In the last few decades, the medical field has been abuzz with excitement about the promise of immunotherapy to treat cancer. In 2018, the Nobel Prize recognized James P. Allison and Tasuku for their groundbreaking discovery of cancer therapy by inhibiting negative immune regulation. In 2022, CAR T cell therapy, the process of reengineering a patient's own immune cells to attack cancer, was approved by the FDA to treat blood cancer and showed promise for other types of cancers.

But despite all its dazzling potential, one type of brain cancer has stubbornly refused to respond to immunotherapy treatment – malignant meningiomas. Meningiomas are a form of brain cancer that affect 37,020 Americans every year and currently defy conventional cancer treatments. Even surgery merely buys the patient time, and most of these meningiomas recur after surgery. This is especially worrisome for the 10-15% of cases that are malignant. 

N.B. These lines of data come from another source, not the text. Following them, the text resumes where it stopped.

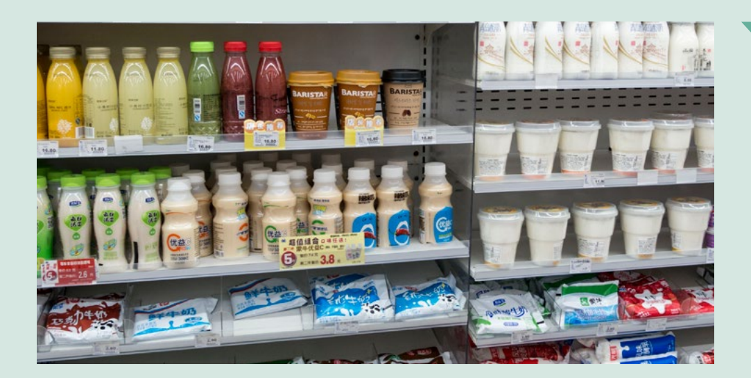
Photo: Dairy products in a convenience store, Shandong General Eccentric via Elickr
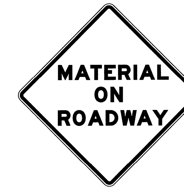
MATERIAL ON ROADWAY SIGN

COLOR: LEGEND AND BORDER: BLACK (NON-REFLECTORIZED) BACKGROUND: FLUORESCENT ORANGE (REFLECTORIZED)
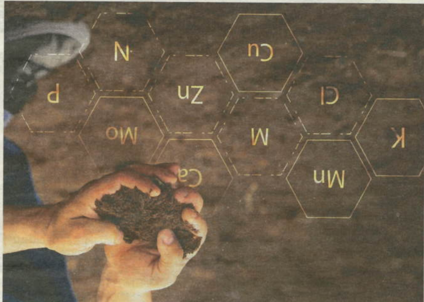
University of Illinois Extension will host a five-part educational series on conservation practices for farmers and landowners beginning Jan. 22.
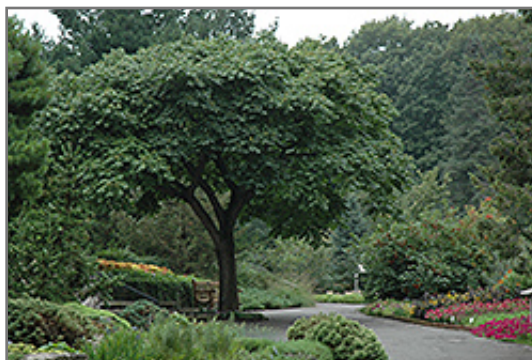
Amur Cork Tree
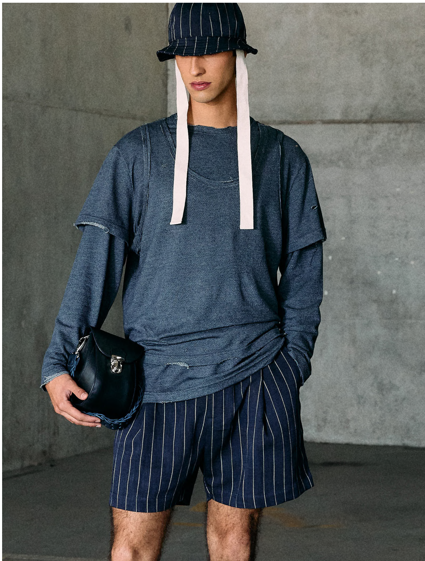
Hat | DCSS27-HAT02 | Marine / Beige Singlet | DCASS27-SINGLETO8 | Denim Blue T-shirt | DCSS27-T-SHIRT01 | Denim Blue Shorts | DCASS27-SHORT05 | Marine / Beige Bag | DCSS27-BAG01 | Marine

Jacky Yeung, MD, assistant professor at Yale School of Medicine, is looking for a way to harness the power of immunotherapy for meningiomas.

For immunotherapy to work, immune cells must be able to “crawl” through the vessel wall into the tumor, says Dr. Yeung. In 2021, Dr. Yeung published an article in Neuro-oncology with Lieping Chen, MD, PhD, immunologist at Yale School of Medicine that showed that malignant meningiomas did not respond to conventional immunotherapy. While normal blood vessel cells express proteins that make it easy for immune cells to attach, tumor blood vessels in meningiomas do not express those adhesion molecules.

“Unlike lung cancers and melanoma, which immunotherapy has proven to be an effective treatment, the same strategy to boost immunity isn’t effective for meningioma if the immune cells can’t even get into the tumor,” says Dr. Yeung. “They do not express molecules that immune cells can stick to. It’s like they’re going straight by the train station and not stopping.”

Recently, he was awarded a grant from the American Brain Tumor Association to explore a novel proposition – targeting a molecule in brain tumor blood vessels to make them behave more normally. 

Dr. Yeung's current work with Dr. Chen focuses on a gene, CD93, that could be the key to turning tumor vessel wall cells into non-cancer vessel wall cells, which should theoretically make the tumors more susceptible to attack by our immune system.

The grant would enable Dr. Yeung to test this gene in pre-clinical mice models and study whether the target is present in human tumor samples.

"Patients with high grade meningiomas have to go through surgery and radiation with no other effective medical treatments available, it is the hope that through this research we'll be able to unleash the power of our own immune system to treat these difficult tumors," says. Dr. Yeung.